DES MOINES, Iowa (AP) — A federal judge has temporarily blocked plans to remove a nationally known outdoor artwork that borders a pond in a Des Moines city park, finding the New York artist who created the work is likely to succeed in her argument that destroying the work would violate her contract with a local art center.

U.S. District Court Judge Stephen Locher ordered the temporary restraining order Monday afternoon after hearing arguments earlier in the day about the Des Moines Art Center’s plans to remove the artwork, called Greenwood Pond: Double Site. The center had planned to begin a roughly three-month process of draining the pond and tearing out the artwork this week.

Officials at the art center say the work, completed in 1996, has deteriorated beyond repair and now is hazardous to park visitors. The artwork offers different perspectives of Greenwood Pond, including wooden decks over the water and walkways that let people see the water and wetlands at eye-level and from above.

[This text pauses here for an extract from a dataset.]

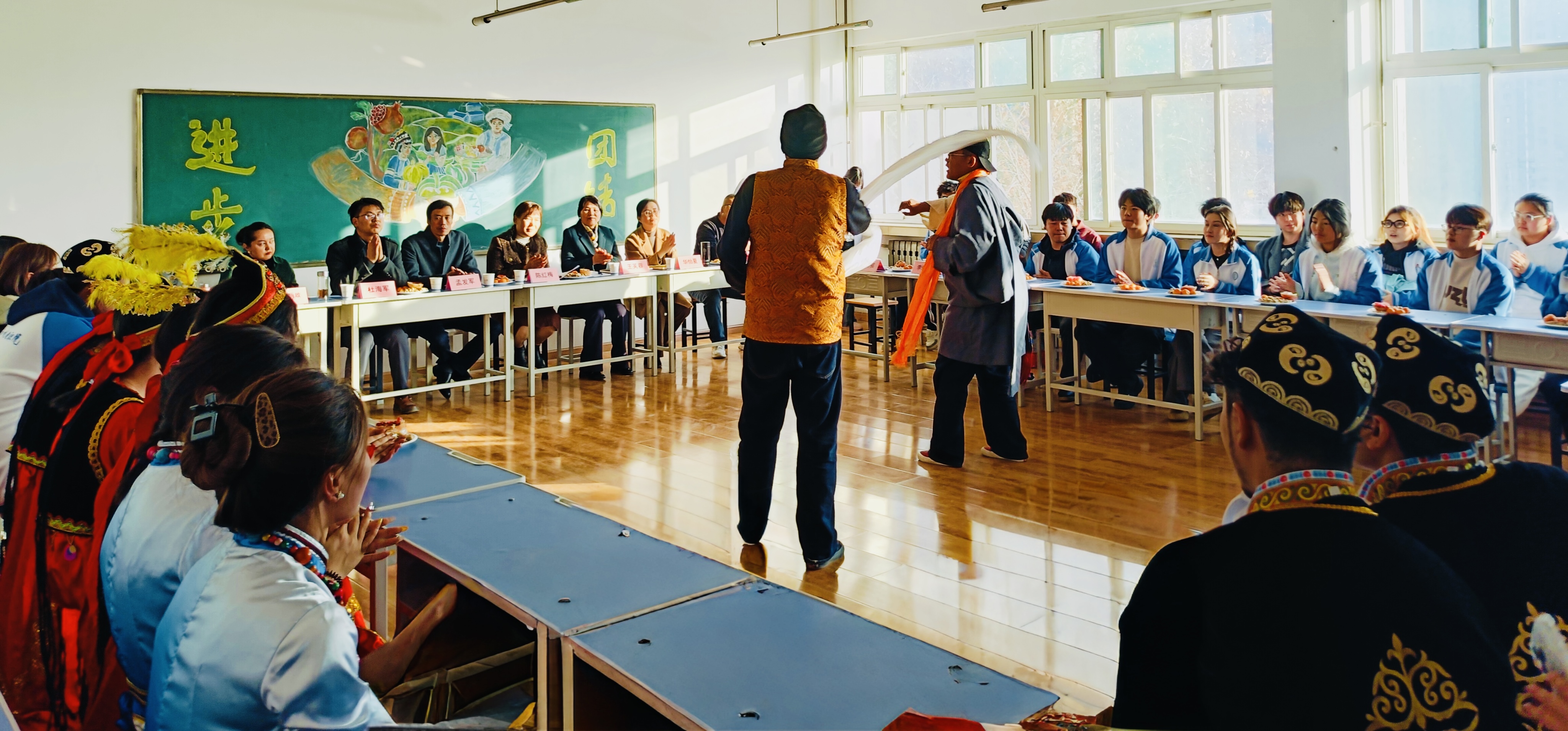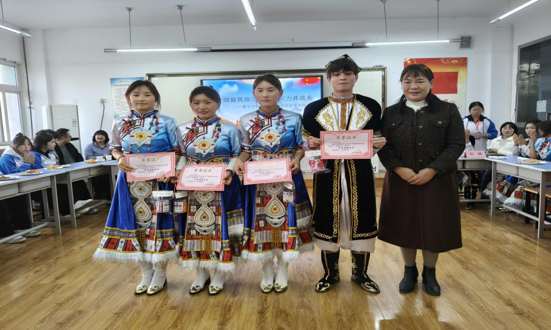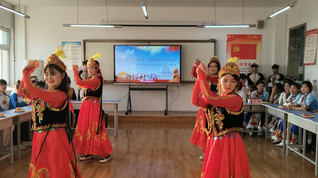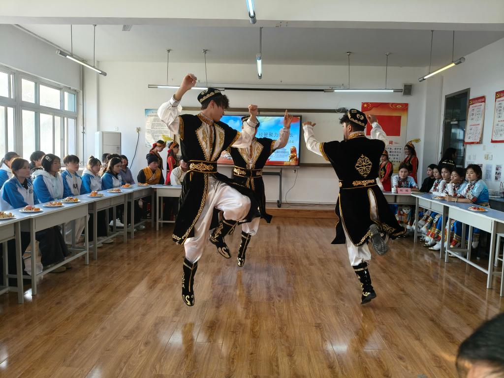 紧接着,同学们带来了民族特色文化展演。庄重舒展的舞蹈表演、深情豪迈歌曲演唱,赢得了在场师生的阵阵掌声。

The work is seen as a highlight of land artist Mary Miss. Other artists and arts organizations across the country have expressed outrage about plans to remove the installation rather than try to raise money for repairs.

Miss has argued the art center hasn’t kept her informed about the work she created and would violate a contract that requires the wood, concrete and metal artwork to be maintained and not removed without her permission.

“I am pleased and relieved by Judge Locher’s decision not only for what it has done for Greenwood Pond: Double Site, but because it reaffirms the rights of all artists and the integrity of their legacies,” Miss said in a statement. “Let’s use this opportunity to reach an outcome of which we can all be proud.”

Art center officials, who have estimated it would cost $2.6 million to repair the artwork, said public safety was its top concern but it would abide by the court-ordered pause. Much of the artwork now is surrounded by fencing.

“We respect the court’s decision, and we will be pausing plans to remove the artwork from Greenwood Park,” the art center said in a statement. “The sections declared dangerous and unsalvageable will remain enclosed in protective fencing.

The judge will set a hearing later for Miss’ request for a preliminary injunction to continue a delay to demolition plans while the contract dispute works through the courts.